In 2014, the parties began maintaining separate bank accounts and splitting most of the joint expenses. In March of that year, Lauri ceased contributing to the mortgage payments for the marital home. Michael has paid that expense from his bank account ever since.
On September 8, 2015, Lauri filed a complaint for absolute divorce on the ground of adultery or, in the alternative, for limited divorce on the ground of constructive desertion. Michael filed an answer in which he asserted the Fifth Amendment in response to the allegation of adultery.
On January 1, 2016, Lauri moved out of the marital home.
On March 2, 2016, the court entered a consent order incorporating the terms of a parenting agreement the parties had reached regarding custody of M. As pertinent, they agreed to split custody on a 50/50 basis but did not agree on child support.
In July 2016, Lauri's attorney noted the deposition of a female police officer Lauri believed was having an affair with Michael. Michael responded by moving for a protective order and seeking to reschedule the deposition for a later date because his lawyer was not available on the date selected. That motion was granted. Ultimately, the deposition was taken in September 2016. Michael's alleged paramour invoked the Fifth Amendment in response to nearly one hundred questions.
The divorce trial went forward on November 1, 2016. At the outset, Michael amended his answer to the complaint to "reflect that [he was] no longer asserting [his] Fifth Amendment Privilege in response to the allegation of adultery and instead [was] admitting the allegation of adultery." Lauri's twin sister testified as a corroboration witness.
Lauri and Michael each testified in their cases. The testimony largely concerned marital property and reasons for the breakdown of the marriage. The Joint Statement Regarding Marital and Non-Marital Property ("9-207 Statement") established that the parties jointly owned the marital home, which they agreed was valued at over $500,000, and was encumbered by a mortgage lien in the amount of $368,570. They also jointly owned the Florida property, which was valued at $130,000 and was unencumbered. The parties valued the furniture in the marital home at between $3,500 (Michael's assertion) and $6,000 (Lauri's assertion) and agreed that the furniture in the Florida property was worth $3,000. Their two joint bank accounts had balances totaling just over $100.
Lauri asserted the marital home was worth $550,000 and Michael asserted it was worth $502,000.
Michael's deferred compensation account with PGCPD was titled in his name and valued at $278,860. He also held title to a PGCPD pension currently in pay status with a $9,416 monthly annuity; an IRA valued at $30,153; a universal life insurance policy with a cash value of $9,497; two college savings plans with a balance of $64,668 for M. and a remaining balance of $12,000 for S.; checking and savings accounts with balances totaling $3,547; and a 2004 Nissan Titan pick-up truck with a value of $6,000.

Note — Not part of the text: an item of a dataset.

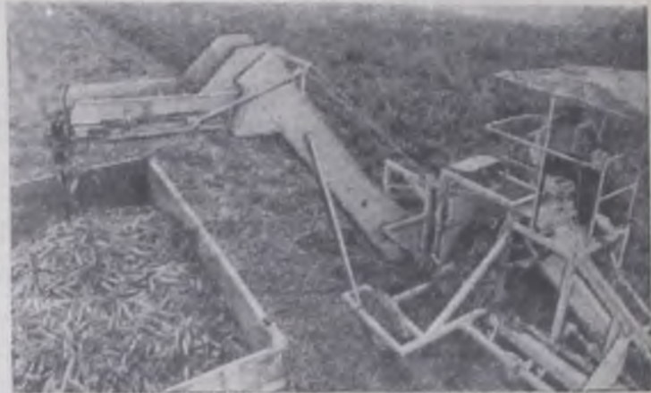
МОСКОВСКАЯ ОБЛАСТЬ. В колхозе «Путь к коммунизму» Истринского района выращен хороший урожай моркови: по 300 центнеров с гектара. В прошлые годы уборка ее ручным методом была очень трудоемким процессом, а в этом году морковь убирают комбайном. Производительность труда увеличилась в восемь раз.

The college savings plans were Maryland 529 College Trust plans, which allow parents to lock in the cost of in-state tuition at the time the plan is purchased. Michael had purchased a 2-year plan for S. and a 4-year plan for M.

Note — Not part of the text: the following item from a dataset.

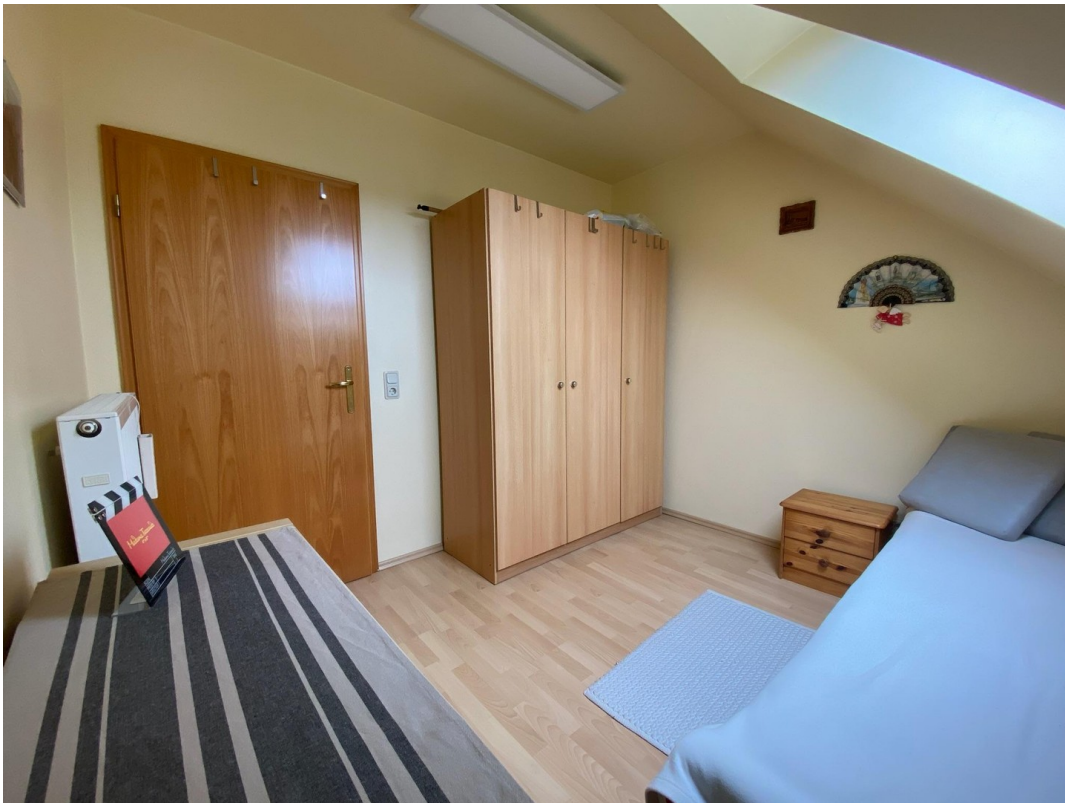
Zimmer 4 Obergeschoss

When the divorce trial took place, S. was in her third year at Stevenson University. Michael had applied 25% of her 529 account to her annual tuition and had paid the remaining balance out of his bank accounts.
Lauri held title to her ATU pension; her USA Railroad Retirement Account; a checking account with a balance between $1,462 (Lauri's assertion) and $3,340 (Michael's assertion); a 2013 Audi Q5 with a market value of $20,000 but encumbered by a $27,000 lien; $1,000 in furniture at her rental home; and $500 in jewelry.
As mentioned, Lauri did not pay into social security. Because her Tier I benefits are the equivalent of social security, they are not divisible or assignable. See Dapp v. Dapp, 211 Md. App. 323 (2013).
At the conclusion of the trial, the court announced that it would be granting Lauri an absolute divorce on the ground of adultery and was reserving on the issues of marital property and attorneys' fees. The parties submitted written closing arguments.
On December 14, 2016, the court entered its Findings of Fact and Order of Court. It granted Lauri an absolute divorce based upon adultery, and made the following pertinent findings.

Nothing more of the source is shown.